After departing on its maiden voyage, City of Honolulu caught fire around 5:30 a.m. on October 12, 1922, in mid-Pacific, some 670 mi from Los Angeles. The captain ordered everyone to the lifeboats after it became apparent that the fire could not be brought under control. None of the passengers or crew were killed or seriously injured during either the firefighting attempts or the orderly evacuation of the liner. The passengers were rescued by the freighter West Faralon, the first ship on the scene, and were transferred to the U.S. Army transport ship Thomas for passage to Los Angeles. The City of Honolulu, which was eventually scuttled by U.S. Coast Guard guns, was replaced by the President Harrison.

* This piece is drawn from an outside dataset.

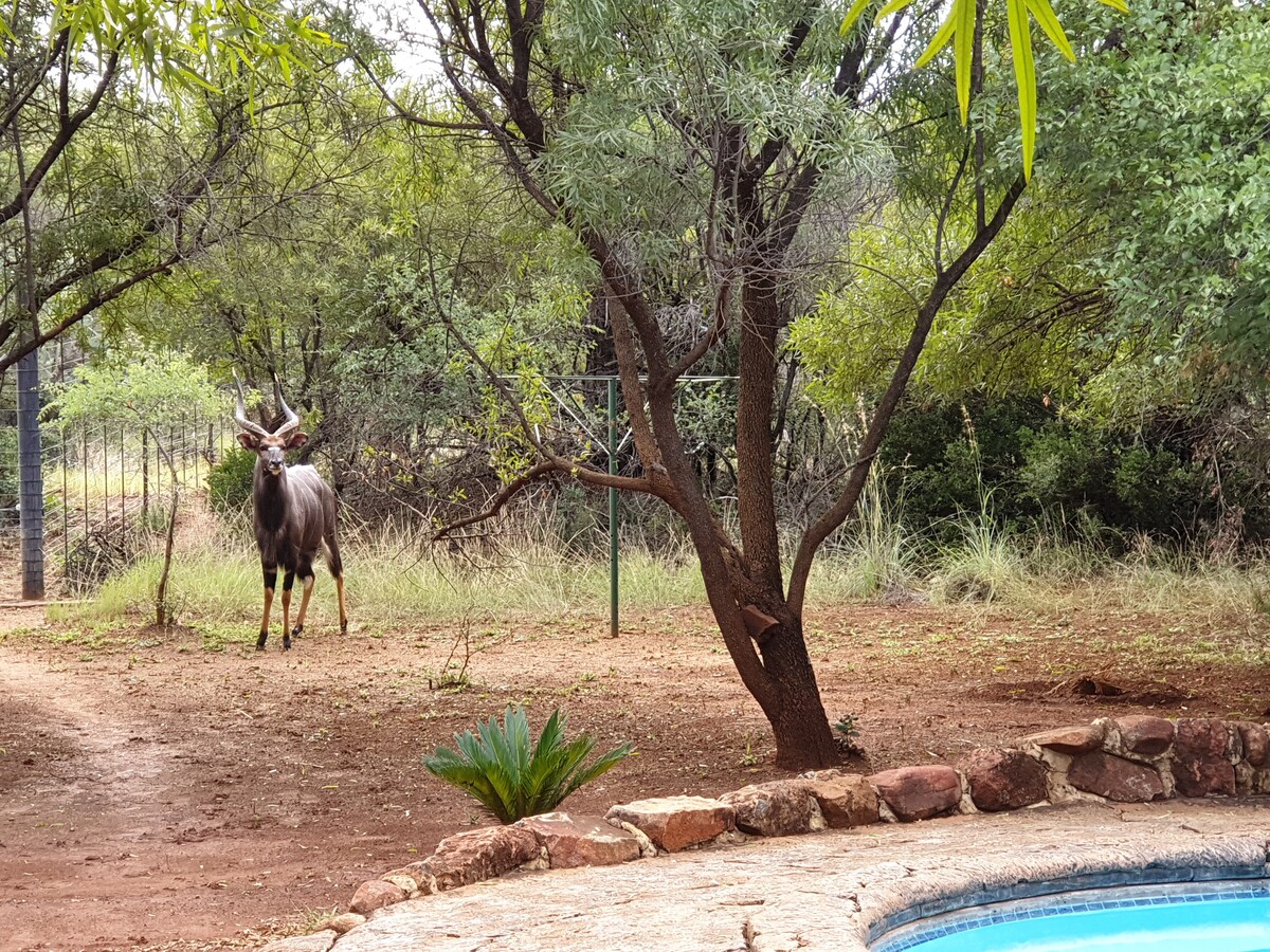 Situado en una granja de 600 ha en el distrito de Swartruggens, a 2 horas de Sandton y a 50 km de Sun City, en una zona libre de Malaria de la provincia noroeste. Alojamiento para 60 huéspedes. Los huéspedes pueden hacer senderismo o pasear en bicicleta por las instalaciones. Se pueden organizar juegos en vehículos abiertos. Una variedad de juegos residen en la granja, como Kudu, Impala, Rooihartbees, Gnu (Blue & Golden Wildbeest), Zebra, White Rhino, Buffalo, Hippo, Nyala, Sable, Blesbuck, Waterbuck, Warthogs, Giraffe, Bushbuck, etc.

Baker was named to the new position of chairman of the board of Los Angeles Shipbuilding and Dry Dock in 1924, as well as to the same position with Los Angeles Lumber Products Co. Earl M. Leaf became president of all the associated companies.

==Advocacy==

===Business===
Baker was a part of the Manufacturers' Association in Los Angeles before it merged with the Merchants' Association to become the Merchants' and Manufacturers' Association, of which he was elected president in 1898. He was the first president of the Founders' and Employers' Association, later known as the Metal Trades Manufacturers' Association, which worked on behalf of maintaining the open shop in Los Angeles. He served until 1911.

===Auto Club===

Baker helped organize the Automobile Club of Southern California, serving as its president from 1910 until 1920. One of the club's campaigns, in 1914, was to prohibit the use of firearms on public highways because of the destruction wrought to directional signs erected by the Auto Club on roadsides. Baker said the matter had been "precipitated" by the "recent defacing of the transcontinental metal signs in the Cajon Pass, where motorists from the East will have their first glimpse of the Southern California roads which have made this part of the State famous." In a newspaper column he said that the club maintained 7,600 signs over 5,000 miles of road.

Another project favored by Baker was his suggestion to take sand from the Los Angeles River bed and spread it over city streets during rainy weather. He said that in London, England, it had "become the custom for the Boy Scouts, during foggy or rainy weather, to spread out over the city, sprinkling the streets with a thin film of sand, which they carry in bags strapped to their backs," but he suggested that in Los Angeles "the sand be spread on the … streets by means of a whirling sand spray attached to a light automobile truck."